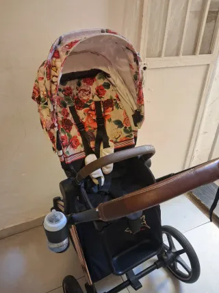 -Chasis priam Rosa gold. -Capazo Priam Lux Gris. -Silleta de paseo cybex priam spring blossom light mas saco a juego. -Silleta de coche y chasis CarryCybex Cloud Q conSensorSafe. Todo incluye plásticos protectores de lluvia. Se regala sombrilla y protectores solares.
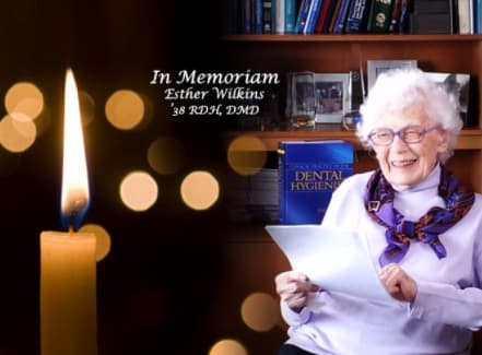 It is with sadness that we share the news that Esther Wilkins, BS, RDH, DMD, dental hygiene’s matriarch, died on Monday, Dec. 12. We had celebrated her hundredth birthday only three days before. Wilkins dedicated her life to advancing oral health care, and her commitment to dental hygiene will not be forgotten.
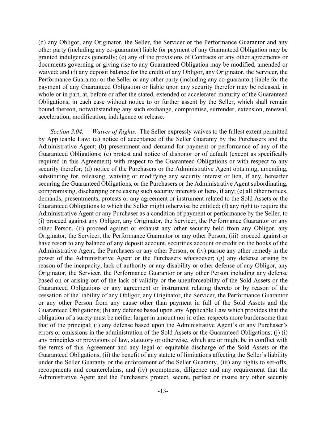-13-(d)任何债务人、任何发起人、卖方、服务人或履约担保人以及对任何担保义务负有支付责任的任何其他方(包括任何共同担保人),可一般地获得宽免;(e)可修改、修订或放弃任何合同或任何其他协议或文件的任何条款,以管辖或产生任何担保义务;及(f)任何债务人、任何发起人、服务人的信贷的任何存款余额,履约担保人或卖方或对任何担保义务的支付负有责任的任何其他方(包括任何共同担保人)或对任何担保负有责任的任何其他方(包括任何共同担保人)可在所述、延长或加速的担保义务到期时、之前或之后全部或部分解除,在每种情况下均无须通知卖方或卖方进一步同意,卖方应继续受其约束,尽管有任何此类交换、妥协、放弃、延期、展期、加速、修改、放任或解除。第3.04节。放弃权利。卖方在适用法律允许的最大范围内明确放弃:(a)买方和行政代理人接受卖方担保的通知;(b)提出并要求支付或履行任何担保义务;(c)就担保义务或就担保义务的任何担保提出抗诉和拒付或违约通知(本协议特别要求的除外);(d)买方或行政代理人获得、修改、替代、解除、放弃或修改任何担保权益或留置权(如有)的通知,以下为担保义务提供担保,或买方或行政代理人将此类担保权益或留置权(如有)置于次要地位、妥协、解除或解除;(e)与出售资产或卖方可能有权以其他方式获得的担保义务有关的所有其他通知、要求、陈述、抗议或任何协议或文书;(f)要求行政代理人或任何买方作为卖方付款或履行的条件的任何权利,以(i)对任何债务人、任何发起人、服务人、履约担保人或任何其他人进行诉讼,(ii)针对任何义务人、任何发起人、服务人、履约保证人或任何其他人所持有的任何其他担保而进行或用尽,(iii)针对或已诉诸行政代理人、买方或任何其他人的簿册上的任何存款账户、证券账户或信贷的任何余额,或(iv)寻求行政代理人或买方权力范围内的任何其他补救;(g)因任何义务人、任何发起人、服务人的无行为能力、缺乏权威或任何残疾或其他抗辩而产生的任何抗辩,履约担保人或任何其他人,包括基于或由于出售资产或所担保的义务或与之有关的任何协议或文书缺乏有效性或不可执行性而产生的任何抗辩,或由于任何义务人、任何发起人、服务人的责任终止而产生的任何抗辩,履约保证人或任何其他人因除全额支付所售资产及所担保的义务以外的任何其他原因;(h)基于任何适用法律规定的任何抗辩,其中规定担保人的义务在金额上不得大于或在其他方面不得比委托人的义务更重;(i)基于行政代理人或任何买方在管理所售资产或所担保的义务方面的错误或遗漏而进行的任何抗辩;(j)(i)法律的任何原则或规定,无论是法定的还是其他的,与本协议的条款以及出售资产或担保义务的任何合法或衡平法解除有冲突或可能有冲突,(ii)影响卖方在卖方担保下的责任或卖方担保的强制执行的任何诉讼时效的利益,(iii)任何抵销、补偿和反索赔的权利,以及(iv)及时、勤勉以及行政代理人和买方保护、确保、完善或为任何其他担保提供保险的任何要求
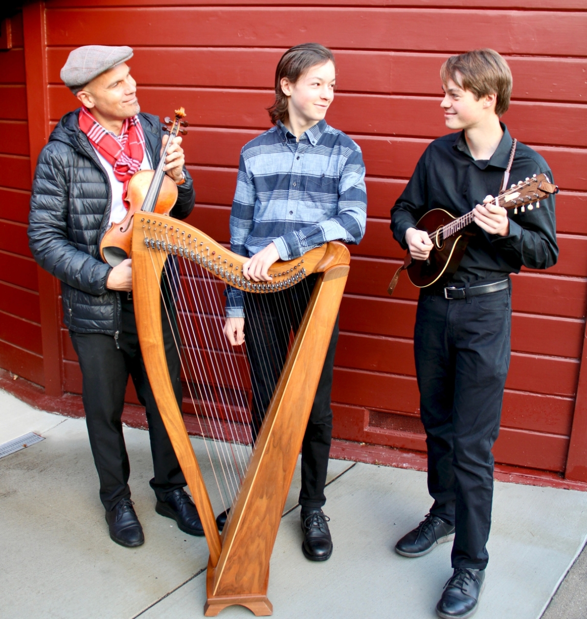 Join father John Weed (fiddle) and his sons Tyler (mandolin, guitar, tenor banjo) and Evan (Celtic harp, piano, melodica) on a musical journey through Ireland with a side trip into American Appalachian folk music. It will be an afternoon of driving Irish jigs and reels as well as slower, heartfelt ballads.

.....

= Requirement =
Nothing but an exact transcription of the material, without pictures, should be returned.

= Output below =
 -Chasis priam Rosa gold. -Capazo Priam Lux Gris. -Silleta de paseo cybex priam spring blossom light mas saco a juego. -Silleta de coche y chasis CarryCybex Cloud Q conSensorSafe. Todo incluye plásticos protectores de lluvia. Se regala sombrilla y protectores solares.
 It is with sadness that we share the news that Esther Wilkins, BS, RDH, DMD, dental hygiene’s matriarch, died on Monday, Dec. 12. We had celebrated her hundredth birthday only three days before. Wilkins dedicated her life to advancing oral health care, and her commitment to dental hygiene will not be forgotten.
-13-(d)任何债务人、任何发起人、卖方、服务人或履约担保人以及对任何担保义务负有支付责任的任何其他方(包括任何共同担保人),可一般地获得宽免;(e)可修改、修订或放弃任何合同或任何其他协议或文件的任何条款,以管辖或产生任何担保义务;及(f)任何债务人、任何发起人、服务人的信贷的任何存款余额,履约担保人或卖方或对任何担保义务的支付负有责任的任何其他方(包括任何共同担保人)或对任何担保负有责任的任何其他方(包括任何共同担保人)可在所述、延长或加速的担保义务到期时、之前或之后全部或部分解除,在每种情况下均无须通知卖方或卖方进一步同意,卖方应继续受其约束,尽管有任何此类交换、妥协、放弃、延期、展期、加速、修改、放任或解除。第3.04节。放弃权利。卖方在适用法律允许的最大范围内明确放弃:(a)买方和行政代理人接受卖方担保的通知;(b)提出并要求支付或履行任何担保义务;(c)就担保义务或就担保义务的任何担保提出抗诉和拒付或违约通知(本协议特别要求的除外);(d)买方或行政代理人获得、修改、替代、解除、放弃或修改任何担保权益或留置权(如有)的通知,以下为担保义务提供担保,或买方或行政代理人将此类担保权益或留置权(如有)置于次要地位、妥协、解除或解除;(e)与出售资产或卖方可能有权以其他方式获得的担保义务有关的所有其他通知、要求、陈述、抗议或任何协议或文书;(f)要求行政代理人或任何买方作为卖方付款或履行的条件的任何权利,以(i)对任何债务人、任何发起人、服务人、履约担保人或任何其他人进行诉讼,(ii)针对任何义务人、任何发起人、服务人、履约保证人或任何其他人所持有的任何其他担保而进行或用尽,(iii)针对或已诉诸行政代理人、买方或任何其他人的簿册上的任何存款账户、证券账户或信贷的任何余额,或(iv)寻求行政代理人或买方权力范围内的任何其他补救;(g)因任何义务人、任何发起人、服务人的无行为能力、缺乏权威或任何残疾或其他抗辩而产生的任何抗辩,履约担保人或任何其他人,包括基于或由于出售资产或所担保的义务或与之有关的任何协议或文书缺乏有效性或不可执行性而产生的任何抗辩,或由于任何义务人、任何发起人、服务人的责任终止而产生的任何抗辩,履约保证人或任何其他人因除全额支付所售资产及所担保的义务以外的任何其他原因;(h)基于任何适用法律规定的任何抗辩,其中规定担保人的义务在金额上不得大于或在其他方面不得比委托人的义务更重;(i)基于行政代理人或任何买方在管理所售资产或所担保的义务方面的错误或遗漏而进行的任何抗辩;(j)(i)法律的任何原则或规定,无论是法定的还是其他的,与本协议的条款以及出售资产或担保义务的任何合法或衡平法解除有冲突或可能有冲突,(ii)影响卖方在卖方担保下的责任或卖方担保的强制执行的任何诉讼时效的利益,(iii)任何抵销、补偿和反索赔的权利,以及(iv)及时、勤勉以及行政代理人和买方保护、确保、完善或为任何其他担保提供保险的任何要求
 Join father John Weed (fiddle) and his sons Tyler (mandolin, guitar, tenor banjo) and Evan (Celtic harp, piano, melodica) on a musical journey through Ireland with a side trip into American Appalachian folk music. It will be an afternoon of driving Irish jigs and reels as well as slower, heartfelt ballads.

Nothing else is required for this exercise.